:: Given material
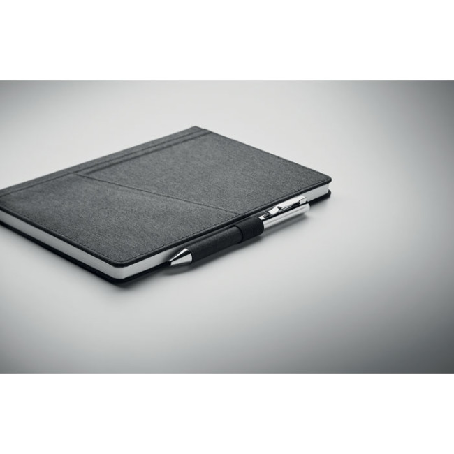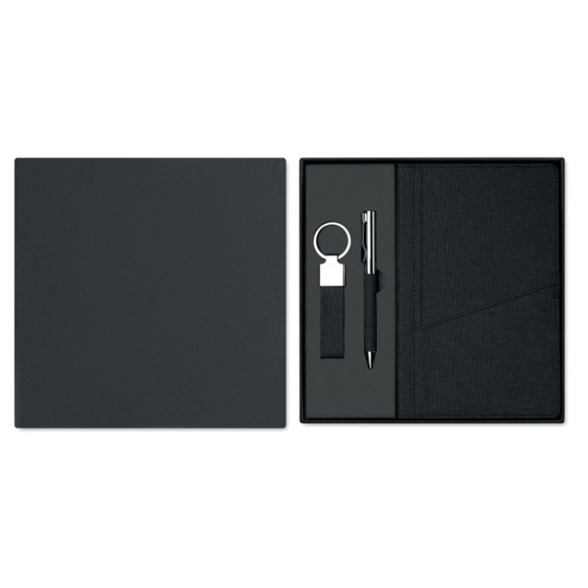 Set da 3 pezzi in confezione regalo. Comprende una penna a sfera a rotazione in metallo con dettagli in poliestere RPET, un taccuino con copertina rigida RPET con tasca frontale per smartphone e un portachiavi in poliestere RPET. Inchiostro blu. FSC MIX CREDIT | P7.1 | FSC-C213206
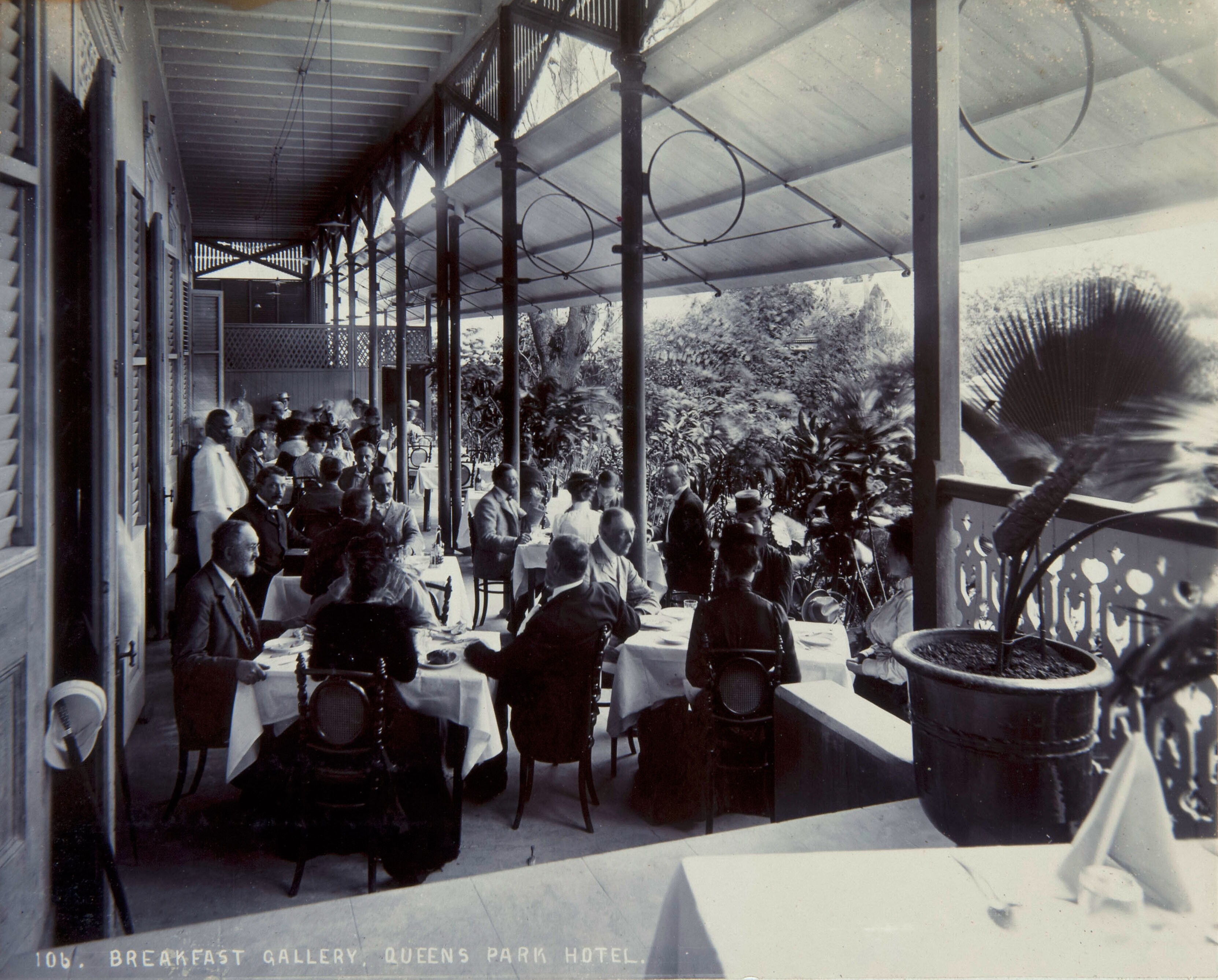 Gasten op de veranda van Queen's hotel
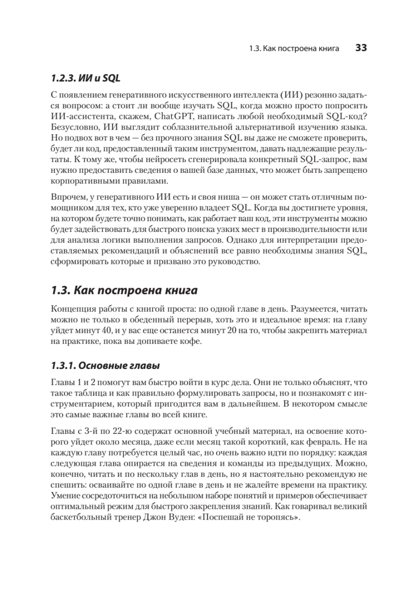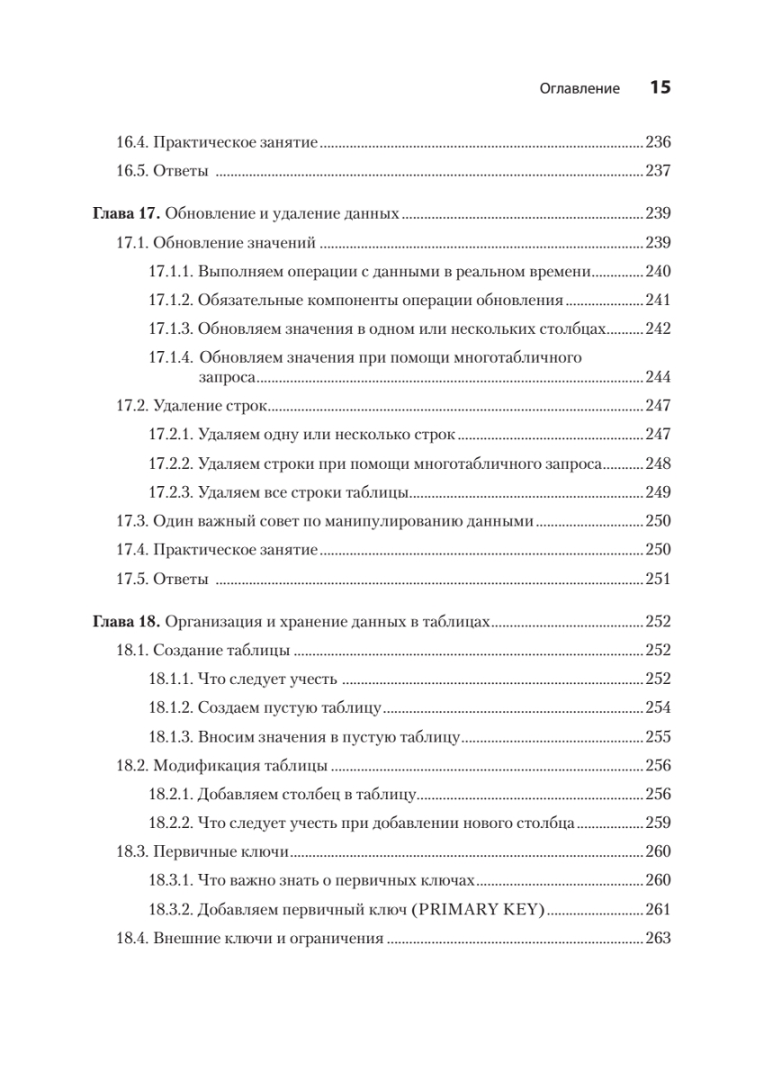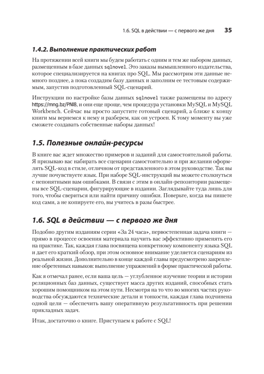 Книга предназначена для аналитиков данных и начинающих специалистов в сфере информационных технологий, включая тех, кто не имеет ни малейшего опыта работы с реляционными базами данных. В ней вас ждут 24 компактных урока, посвященных ключевым аспектам владения языком SQL, таким как извлечение, фильтрация и обработка данных. Каждый урок завершается практической работой, рассчитанной примерно на 15 минут. Вы и не заметите, как научитесь составлять эффективные запросы, возвращающие именно те данные, что вам нужны. Постепенно у вас сформируется ценное интуитивное понимание того, как базы данных функционируют в реальных бизнес-сценариях.
::::
## What you have to do
Take the lines of the material above from the first through the one containing "Gasten op de veranda van Queen's hotel", both included, and print them exactly without the pictures.

## Completed task
 Set da 3 pezzi in confezione regalo. Comprende una penna a sfera a rotazione in metallo con dettagli in poliestere RPET, un taccuino con copertina rigida RPET con tasca frontale per smartphone e un portachiavi in poliestere RPET. Inchiostro blu. FSC MIX CREDIT | P7.1 | FSC-C213206
 Gasten op de veranda van Queen's hotel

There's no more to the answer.